A Question-Answering Approach to Key Value Pair Extraction from Form-like Document Images
Kai Hu, Zhuoyuan Wu, Zhuoyao Zhong, Weihong Lin, Lei Sun, Qiang Huo

TL;DR
This paper introduces KVPFormer, a novel question-answering based method utilizing Transformers for extracting key-value pairs from form-like document images, achieving state-of-the-art accuracy.
Contribution
The paper proposes a new QA-based approach with a coarse-to-fine prediction strategy and spatial attention bias for improved key-value extraction from document images.
Findings
Achieves state-of-the-art F1 scores on FUNSD and XFUND datasets.
Outperforms previous methods by 7.2% and 13.2% in F1 score.

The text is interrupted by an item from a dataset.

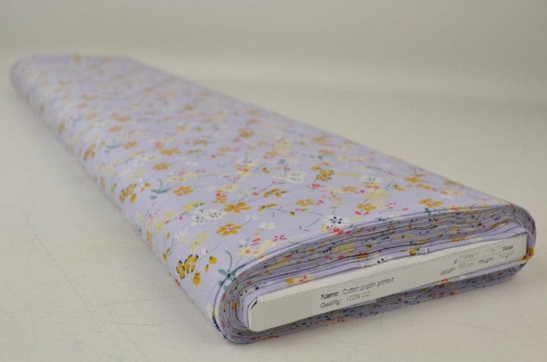 LAVENDEL BOMULDSPOPLIN M. STORKENÆB I HVID, GUL OG PINK

Introduces spatial compatibility attention bias to enhance spatial interaction modeling.
Abstract
In this paper, we present a new question-answering (QA) based key-value pair extraction approach, called KVPFormer, to robustly extracting key-value relationships between entities from form-like document images. Specifically, KVPFormer first identifies key entities from all entities in an image with a Transformer encoder, then takes these key entities as \textbf{questions} and feeds them into a Transformer decoder to predict their corresponding \textbf{answers} (i.e., value entities) in parallel. To achieve higher answer prediction accuracy, we propose a coarse-to-fine answer prediction approach further, which first extracts multiple answer candidates for each identified question in the coarse stage and then selects the most likely one among these candidates in the fine stage. In this way, the learning difficulty of answer prediction can be effectively reduced so that the prediction…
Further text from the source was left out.